According to Mahinda Kommalage and Anoj Thabrew, of the Faculty of Medicine at the University of Ruhuna in Sri Lanka, most research into such internet use has focused on health information in developed countries. There have been thousands of scientific papers published on this topic by Western researchers, but a mere handful of results on PubMed cite locations such as Sri Lanka, Nepal, and Bangladesh in keyword searches together with the word “internet”. Moreover, of the six results for “Sri Lanka and Internet”, just one study from 1999 is actually about a health website.

Kommalage and Thabrew suggest that given the enormous growth of Internet usage across the globe almost irrespective of geography, it is quite surprising that so little research into medical and health information sites in developing countries has been carried out. This is particularly worrying given the almost total lack of controls and regulations on medical information on the web.

The researchers have focused on health education websites in Sri Lanka in a survey of what is available. Their first discovery relates to the size of the website most (almost 90%) have fewer than 100 pages, which is barely enough to cover the basics. Moreover, while the quality of local non-commercial sites was higher than those owned by businesses fewer than one in ten provided health education content for the general public.

The notion that the internet might help the developing world improve its health status is not new. As long ago as 2000, the British Medical Journal published an article from WHO scientist Tessa Tan-Torres Edejer entitled “Disseminating health information in developing countries: the role of the internet”. A rare few related papers can be found with a little Googling, including one from Johns Hopkins’ Madhav Goyal and colleagues writing in JAMA who lament the fact that in poor nations invaluable healthcare information rarely reaches those who need it most.

I asked Gabriel Guimaraes a Physician at ASEFE in Brazil about the issue and he points out that the internet does reduce the differences. “This question has so many possible answers,” she says, “We could either talk about the evidence based medicine and everything related to it (MedLine, NCBI and Cochrane’s Metanalysis), which in Latin America would also relate to SCIELO database, or health record software which would relate for example to Health Informatics Societies (like SBIS), or about telemedicine. Anyway there is not much difference between developing and developed because we are talking about recent technology which has almost simultaneously started for every country.”

But, his conclusions do not bear up to the scrutiny of Kommalage and Thabrew, at least for Sri Lanka.

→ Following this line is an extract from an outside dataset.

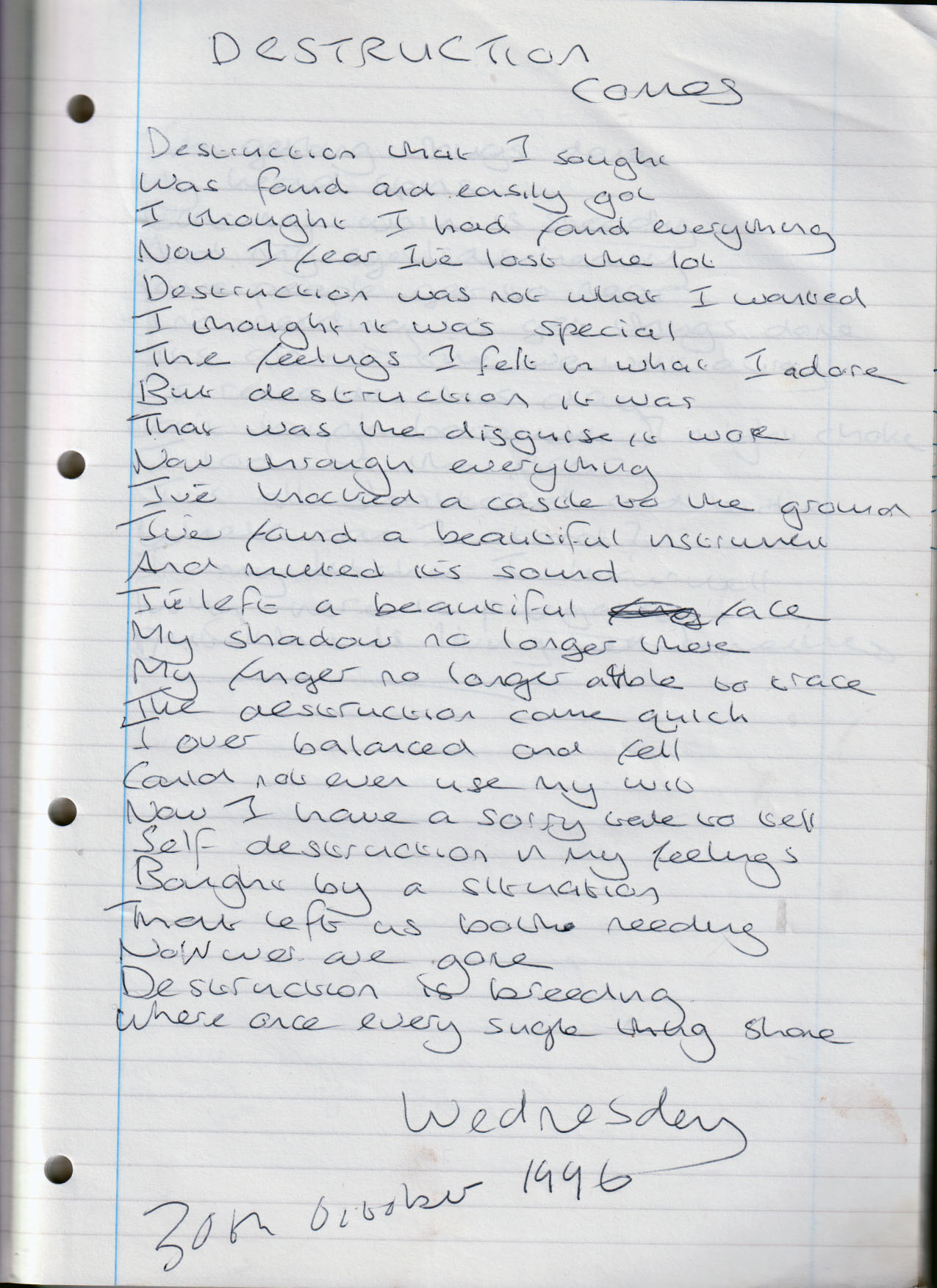 Destruction Comes – Wednesday 30th October 1996

“The total number of websites has not increased compared to the increase in internet usage in Sri Lanka during the last few years,” the researchers say. If their findings apply to the wider developing world then the internet represents a massively underutilised health education resource in parts of the world where improved health education could be used to reduce significantly the incidence of many lethal diseases, such as malaria, HIV/AIDS, and parasitic infections.

For anyone interested in what is being done to redress the balance, check out antropologi.info blog and Health Information for all 2015. The raison d’être is the following fact:

Tens of thousands of people die every day, often for the simple reason that the parent, carer or health worker lacks the information and knowledge they need to save them.

Somewhat related to this post but more about scientific research than information is SciDev.net. Also of interest: Uneca, science with Africa.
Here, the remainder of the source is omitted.